We have mapped genome-wide in vivo DNA binding for the largest group to date of animal transcription factors acting in a given tissue at the same time. The work supports and extends our previous studies indicating that animal sequence-specific transcription factors bind in vivo across a quantitative continuum to highly overlapping regions close to a large percentage of genes [11, 31]. Highly bound genes include strongly regulated known and likely targets, moderately bound genes include unexpected targets whose transcription is regulated weakly, and poorly bound genes include thousands of non-transcribed genes and likely non-functional targets [9–11, 22, 31]. Factors with distinct biological specificities have highly overlapping patterns of binding. However, quantitative differences in binding to common targets generally correlate with each factor's known specificity, though these specificities appear to be more fuzzy and less distinct than commonly assumed, with a high proportion of shared targets. We propose that the broad DNA recognition properties of animal transcription factors and the relatively high concentrations at which they are expressed in cells focuses them to bind to highly overlapping sets of open chromatin regions. Our work illustrates that the qualitative analyses of in vivo DNA binding data that have widely been employed fail to reveal some of the most significant features of how transcriptional regulators behave in cells, and highlights the importance of a detailed quantitative interpretation of DNA binding patterns.
Materials and methods
In vivoformaldehyde crosslinking of embryos and chromatin purification
Embryos were collected in population cages for 1 hour, and then allowed to develop to the required stage before being harvested and fixed with formaldehyde . Embryo aging times were determined based on the transcription factor analyzed: for A-P maternal, gap, and terminal factors, as well as D-V maternal and a subset of D-V zygotic factors, including SNA and TWI, the embryos used were 2 to 3 hours old (mainly between late stage 4 and early stage 5), while for A-P pair rule, and the D-V zygotic factors, MED, MAD, and Schnurri (SHN), the embryos were 2.5 to 3.5 hours old (mainly at mid- to late stage 5). The chromatin used for immunoprecipation was isolated from the fixed embryos by CsCl gradient ultracentrifugation and then fragmented to an average size of about 700 bp.

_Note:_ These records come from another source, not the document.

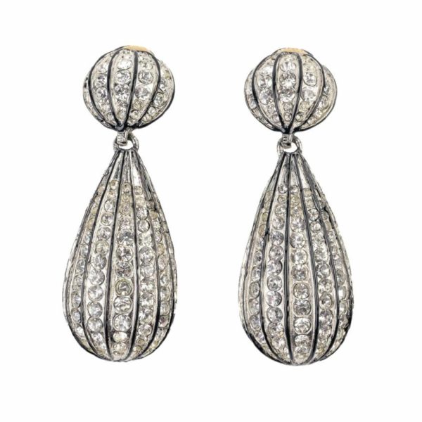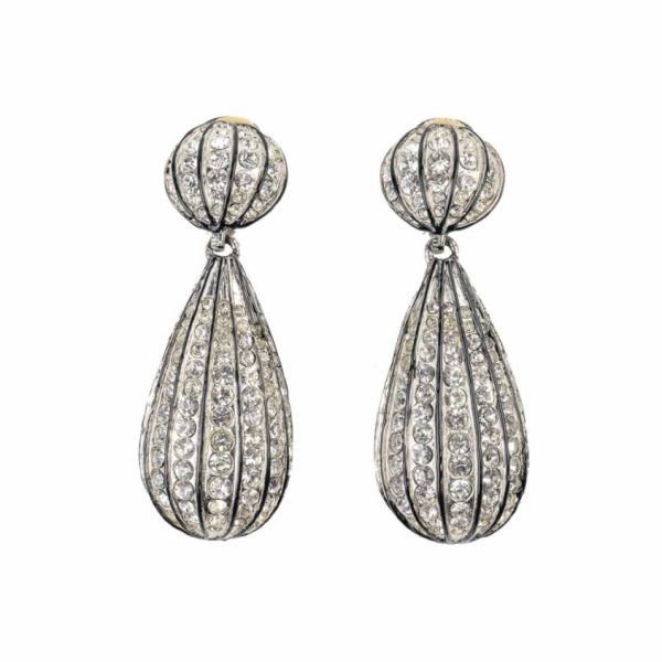 Kenneth Jay Lane Crystal & Black Enamel Lines Drop Earrings | Women Clear Crystal Earrings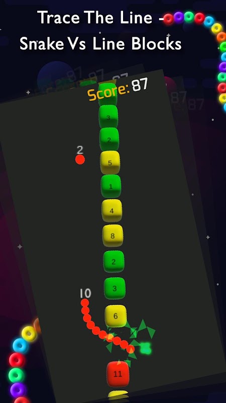 Trace Line - Snake Vs Line Blocks Swipe your finger to move left or right on the screen to move slither and break lines to get more score. Slither Snake will die if it breaks the red lines. To make Slither Snake interesting first break the green Line to create more interesting slither, it will help to avoid die. See How long you survive in Trace Line - Snake Vs Line Blocks Game.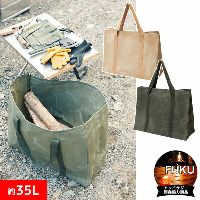 主にキャンプを楽しむ方に向けて開発された大容量トートバッグです。キャンプでの重たい薪などを入れることが想定されており、丈夫で耐久性が抜群。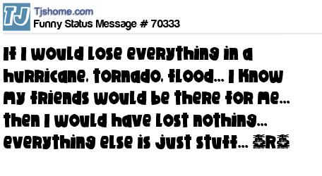 X  If I would lose everything in a hurricane, tornado, flood... I know my friends would be there for me... then I would have lost nothing... everything else is just stuff... ~R~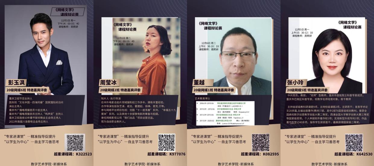 本次课程辩论赛特别邀请到了两位校外行业专家与两位校内学术专家一并担任嘉宾评委。其中,嘉宾评委彭玉沨老师是重庆卫视著名的节目主持人,也是国务院“文化中国·四海同春”国家国际间访问演出主持人,重庆市广播电视十佳主持人,“鸣声奖”得主;嘉宾评委周莹冰老师则拥有多年中外电影摄制经验,曾多次与张艺谋、成龙、徐峥、麦克·贝等著名导演合作,参与优酷“十一度青春”系列、“幸福五十九厘米”系列等十余部微电影筹备与拍摄的执行导演、自由职业制片人。嘉宾评委通过线上教学平台全程参与指导,并对辩手表现、辩论稿内容和团队配合度等进行打分。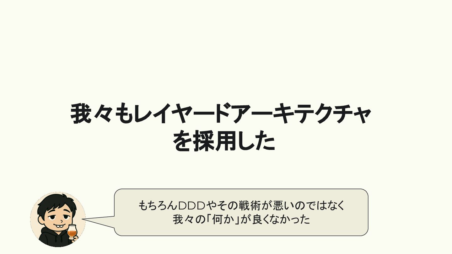 我々もレイヤードアーキテクチャ を採用した もちろんDDDやその戦術が悪いのではなく 我々の「何か」が良くなかった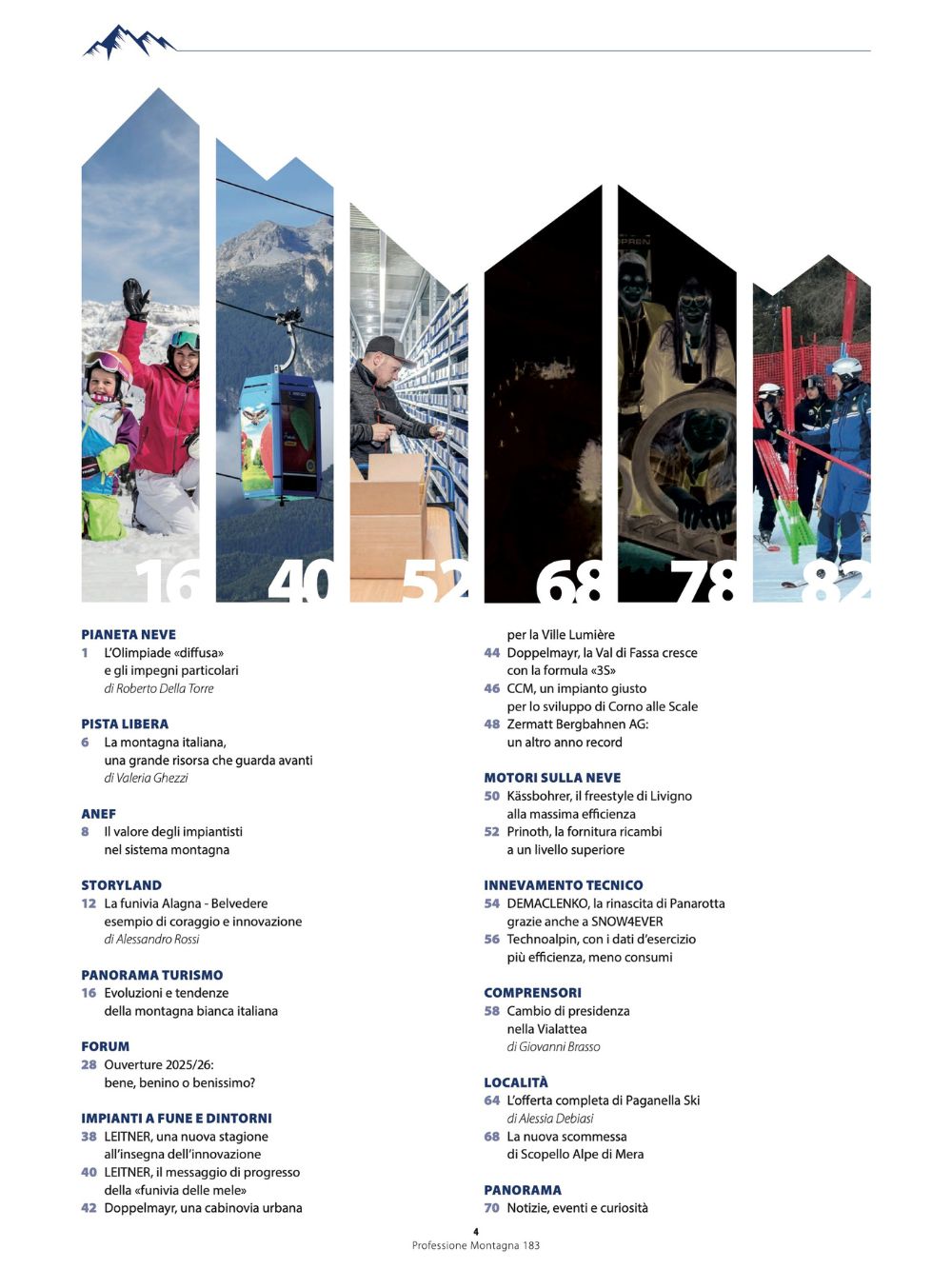 Il numero 183 (gennaio/febbraio 2026) di «professione Montagna», organo ufficiale dell’ANEF (Associazione Nazionale Esercenti Funiviari), si apre con l’editoriale di Roberto Della Torre che saluta l’importanza delle Olimpiadi Invernali di Milano Cortina per l’immagine di tutta la montagna italiana nel mondo e sottolinea il suo carattere di «organizzazione diffusa», mettendo in rilievo gli impegni particolari delle località coinvolte nella programmazione delle gare.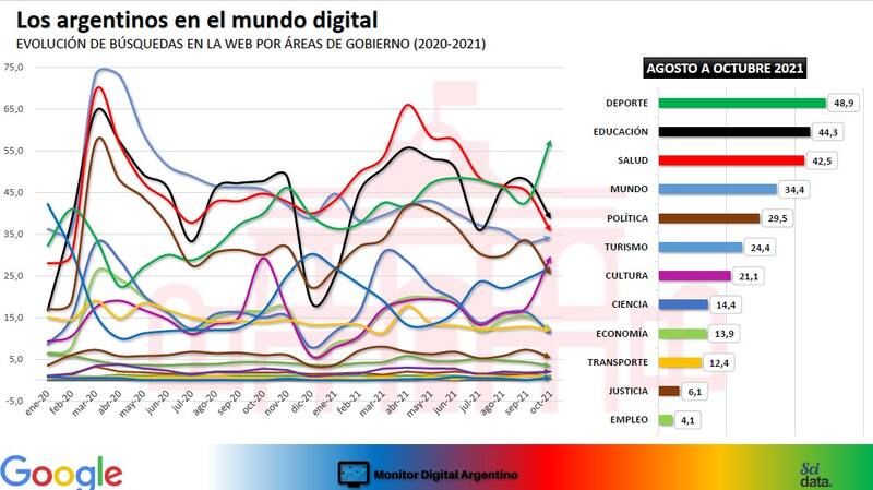 En cuanto a las búsquedas en Google de las áreas de gobierno, salud y educación muestran un retroceso en el último mes entre los temas más requeridos. A contramano, deporte se despega al tope de la lista. Cultura se destaca como uno de los mayores crecimientos, en línea con la apertura de actividades.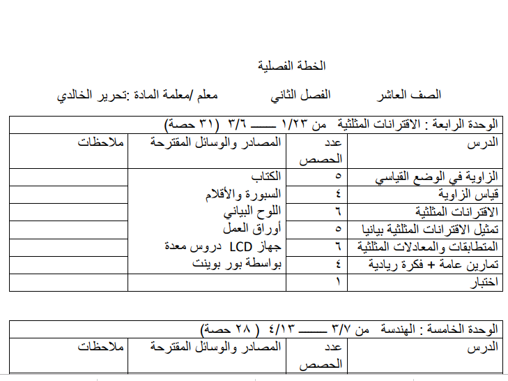 خطة فصلية في الرياضيات للصف العاشر الفصل الثاني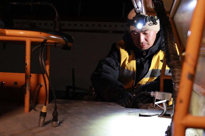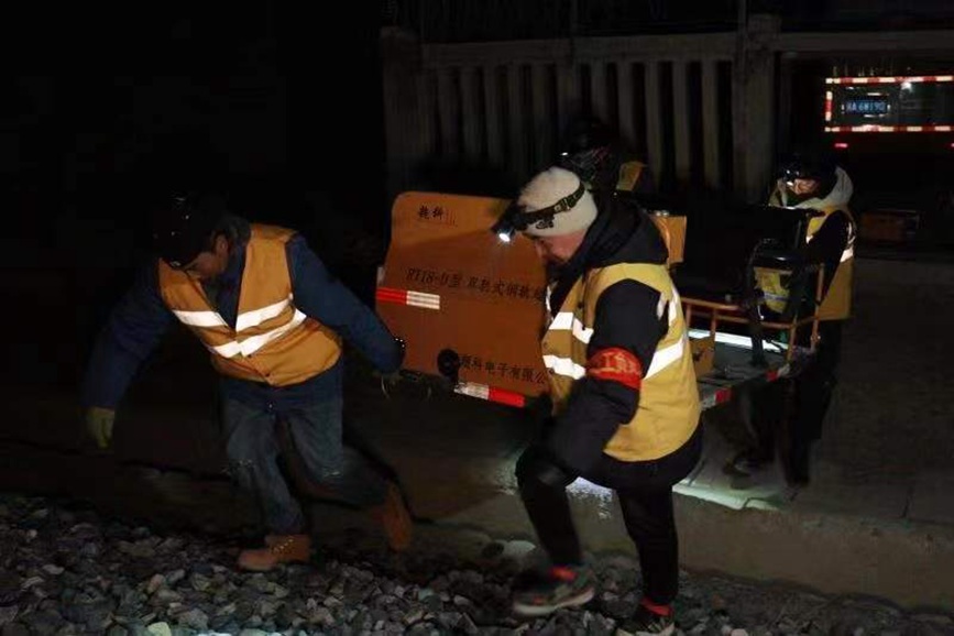 “大家?guī)Ш霉ぞ卟牧?,準備出發(fā)。”22時整,隨著作業(yè)負責人探傷工區(qū)工長羅布一聲令下,呼嘯的寒風(fēng)中,黃色的“迷你敞篷車”緩緩啟動,載著4名職工,開始了當晚對拉林鐵路20多公里線路的探傷檢查任務(wù)。

Affinity purified antibody production
All of the antibodies used were immunoaffinity purified from rabbit antiserum. The two anti-PRD antibodies, PRD 1 and PRD 2, were available from a previous study . The MAD and MED antisera were a generous gift from L Raftery , the RUN antiserum from E Wieschaus, and the TFIIB antibody from R Tjian. For other factors, antibodies were produced in rabbits immunized with recombinant His-tagged fusion proteins expressed and purified in Escherichia coli using the Invitrogen Gateway system. Rabitts were immunized with either the full length protein (Dichaete (D), HRY, SLP1, Daughterless (DA), DL, SNA, and TWI) or portions of the protein (TLL amino acids 110 to 259, SHN amino acids 1,617 to 1,750, and SHN amino acids 2115 to 2,279). Immunoaffinity purifications were performed using E. coli-expressed purified recombinant His-tagged proteins. The amino acid sequences used (listed in Table 2) were chosen to exclude regions with any significant homology to other Drosophila proteins, as previously described . Additional results demonstrating the specificity of the antibodies are provided in Additional data file 1.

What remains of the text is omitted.